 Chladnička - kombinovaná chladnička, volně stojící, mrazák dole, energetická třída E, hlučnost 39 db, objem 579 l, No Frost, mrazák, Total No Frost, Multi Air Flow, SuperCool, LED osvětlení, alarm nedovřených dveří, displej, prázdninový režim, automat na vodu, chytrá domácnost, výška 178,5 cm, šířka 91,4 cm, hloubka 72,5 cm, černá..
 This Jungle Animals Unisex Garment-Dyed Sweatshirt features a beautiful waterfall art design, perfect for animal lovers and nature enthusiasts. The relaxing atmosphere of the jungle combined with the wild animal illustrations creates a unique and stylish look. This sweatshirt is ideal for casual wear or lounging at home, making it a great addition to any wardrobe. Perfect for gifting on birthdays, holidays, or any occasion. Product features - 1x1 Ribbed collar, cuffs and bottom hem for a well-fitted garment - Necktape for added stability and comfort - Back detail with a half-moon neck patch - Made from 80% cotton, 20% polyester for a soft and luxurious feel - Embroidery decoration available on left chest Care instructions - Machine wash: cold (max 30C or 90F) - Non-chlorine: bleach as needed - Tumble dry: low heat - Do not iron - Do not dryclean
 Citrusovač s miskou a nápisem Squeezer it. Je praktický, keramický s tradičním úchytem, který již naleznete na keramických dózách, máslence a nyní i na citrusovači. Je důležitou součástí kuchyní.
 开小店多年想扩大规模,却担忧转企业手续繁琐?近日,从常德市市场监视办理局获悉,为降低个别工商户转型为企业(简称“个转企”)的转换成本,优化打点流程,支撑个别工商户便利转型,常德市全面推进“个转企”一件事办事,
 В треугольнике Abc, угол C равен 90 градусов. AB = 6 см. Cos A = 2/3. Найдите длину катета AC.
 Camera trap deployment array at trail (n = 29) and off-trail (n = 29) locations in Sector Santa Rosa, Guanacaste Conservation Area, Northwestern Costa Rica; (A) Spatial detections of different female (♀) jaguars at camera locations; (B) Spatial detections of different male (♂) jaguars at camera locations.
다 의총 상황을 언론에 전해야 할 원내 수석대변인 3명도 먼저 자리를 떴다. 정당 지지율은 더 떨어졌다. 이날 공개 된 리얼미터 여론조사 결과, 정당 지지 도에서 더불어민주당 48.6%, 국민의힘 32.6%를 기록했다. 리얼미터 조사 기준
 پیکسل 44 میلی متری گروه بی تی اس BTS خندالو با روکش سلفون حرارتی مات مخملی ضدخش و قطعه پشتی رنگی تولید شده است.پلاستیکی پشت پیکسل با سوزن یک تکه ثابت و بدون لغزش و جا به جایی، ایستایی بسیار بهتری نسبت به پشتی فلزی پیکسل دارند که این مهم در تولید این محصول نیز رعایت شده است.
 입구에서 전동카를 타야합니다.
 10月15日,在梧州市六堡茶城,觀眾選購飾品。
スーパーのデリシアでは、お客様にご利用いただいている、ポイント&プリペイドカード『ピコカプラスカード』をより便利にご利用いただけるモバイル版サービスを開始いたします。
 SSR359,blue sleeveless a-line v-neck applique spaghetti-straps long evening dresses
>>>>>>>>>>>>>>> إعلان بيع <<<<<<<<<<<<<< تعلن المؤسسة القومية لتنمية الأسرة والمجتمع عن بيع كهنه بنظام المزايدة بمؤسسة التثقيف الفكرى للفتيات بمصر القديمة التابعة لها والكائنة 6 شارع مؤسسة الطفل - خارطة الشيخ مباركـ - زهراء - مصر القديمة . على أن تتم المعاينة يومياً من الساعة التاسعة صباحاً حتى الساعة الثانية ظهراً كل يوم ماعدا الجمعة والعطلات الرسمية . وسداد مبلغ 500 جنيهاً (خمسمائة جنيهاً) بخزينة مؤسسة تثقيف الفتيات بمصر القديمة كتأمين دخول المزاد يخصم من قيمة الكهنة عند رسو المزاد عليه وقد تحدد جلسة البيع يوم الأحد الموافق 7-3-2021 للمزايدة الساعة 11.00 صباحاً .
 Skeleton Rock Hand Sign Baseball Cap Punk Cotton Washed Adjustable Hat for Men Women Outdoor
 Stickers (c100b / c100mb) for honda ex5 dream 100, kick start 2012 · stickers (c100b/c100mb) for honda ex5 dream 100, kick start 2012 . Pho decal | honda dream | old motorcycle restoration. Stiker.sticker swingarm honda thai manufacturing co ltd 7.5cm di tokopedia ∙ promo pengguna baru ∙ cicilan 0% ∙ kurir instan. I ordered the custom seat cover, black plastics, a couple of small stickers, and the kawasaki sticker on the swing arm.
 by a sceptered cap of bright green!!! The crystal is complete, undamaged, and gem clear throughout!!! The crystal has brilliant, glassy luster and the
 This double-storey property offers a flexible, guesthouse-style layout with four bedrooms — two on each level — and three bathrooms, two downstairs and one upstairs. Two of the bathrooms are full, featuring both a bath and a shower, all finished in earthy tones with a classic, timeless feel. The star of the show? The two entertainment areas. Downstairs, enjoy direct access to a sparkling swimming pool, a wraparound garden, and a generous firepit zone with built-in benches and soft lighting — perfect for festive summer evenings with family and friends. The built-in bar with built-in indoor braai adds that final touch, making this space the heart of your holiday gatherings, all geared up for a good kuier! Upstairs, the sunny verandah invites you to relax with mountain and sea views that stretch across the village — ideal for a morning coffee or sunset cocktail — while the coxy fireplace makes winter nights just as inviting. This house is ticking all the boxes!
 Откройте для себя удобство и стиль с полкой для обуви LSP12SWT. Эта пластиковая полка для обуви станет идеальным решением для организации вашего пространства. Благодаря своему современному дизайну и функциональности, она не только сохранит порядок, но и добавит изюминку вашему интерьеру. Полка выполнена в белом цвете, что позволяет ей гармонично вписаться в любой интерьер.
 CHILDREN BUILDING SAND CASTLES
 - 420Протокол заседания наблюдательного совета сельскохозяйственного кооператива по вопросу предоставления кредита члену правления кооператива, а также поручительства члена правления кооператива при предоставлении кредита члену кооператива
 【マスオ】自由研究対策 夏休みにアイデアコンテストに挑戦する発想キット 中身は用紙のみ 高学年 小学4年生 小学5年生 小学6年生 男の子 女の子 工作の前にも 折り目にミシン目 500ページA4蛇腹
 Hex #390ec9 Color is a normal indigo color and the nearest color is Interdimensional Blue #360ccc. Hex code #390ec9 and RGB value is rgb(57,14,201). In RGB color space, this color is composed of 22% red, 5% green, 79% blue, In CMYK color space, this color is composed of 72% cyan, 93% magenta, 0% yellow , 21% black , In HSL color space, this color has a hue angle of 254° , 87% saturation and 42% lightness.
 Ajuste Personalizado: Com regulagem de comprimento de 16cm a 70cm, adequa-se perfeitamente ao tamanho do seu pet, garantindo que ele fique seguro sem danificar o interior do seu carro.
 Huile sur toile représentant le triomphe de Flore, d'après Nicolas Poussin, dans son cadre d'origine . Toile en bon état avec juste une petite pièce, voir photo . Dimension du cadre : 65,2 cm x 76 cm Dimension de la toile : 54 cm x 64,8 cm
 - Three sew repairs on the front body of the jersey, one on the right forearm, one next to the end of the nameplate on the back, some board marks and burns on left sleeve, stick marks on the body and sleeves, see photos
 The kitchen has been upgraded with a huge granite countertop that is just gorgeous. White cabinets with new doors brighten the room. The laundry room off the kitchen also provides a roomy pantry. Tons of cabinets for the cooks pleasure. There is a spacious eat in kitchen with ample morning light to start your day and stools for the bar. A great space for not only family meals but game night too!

-------

Task statement
In the entries above, one line contains "SSR359,blue sleeveless a-line" and another contains "by a sceptered". Reproduce exactly those two lines and the lines between them, nothing else.

Your response
 SSR359,blue sleeveless a-line v-neck applique spaghetti-straps long evening dresses
>>>>>>>>>>>>>>> إعلان بيع <<<<<<<<<<<<<< تعلن المؤسسة القومية لتنمية الأسرة والمجتمع عن بيع كهنه بنظام المزايدة بمؤسسة التثقيف الفكرى للفتيات بمصر القديمة التابعة لها والكائنة 6 شارع مؤسسة الطفل - خارطة الشيخ مباركـ - زهراء - مصر القديمة . على أن تتم المعاينة يومياً من الساعة التاسعة صباحاً حتى الساعة الثانية ظهراً كل يوم ماعدا الجمعة والعطلات الرسمية . وسداد مبلغ 500 جنيهاً (خمسمائة جنيهاً) بخزينة مؤسسة تثقيف الفتيات بمصر القديمة كتأمين دخول المزاد يخصم من قيمة الكهنة عند رسو المزاد عليه وقد تحدد جلسة البيع يوم الأحد الموافق 7-3-2021 للمزايدة الساعة 11.00 صباحاً .
 Skeleton Rock Hand Sign Baseball Cap Punk Cotton Washed Adjustable Hat for Men Women Outdoor
 Stickers (c100b / c100mb) for honda ex5 dream 100, kick start 2012 · stickers (c100b/c100mb) for honda ex5 dream 100, kick start 2012 . Pho decal | honda dream | old motorcycle restoration. Stiker.sticker swingarm honda thai manufacturing co ltd 7.5cm di tokopedia ∙ promo pengguna baru ∙ cicilan 0% ∙ kurir instan. I ordered the custom seat cover, black plastics, a couple of small stickers, and the kawasaki sticker on the swing arm.
 by a sceptered cap of bright green!!! The crystal is complete, undamaged, and gem clear throughout!!! The crystal has brilliant, glassy luster and the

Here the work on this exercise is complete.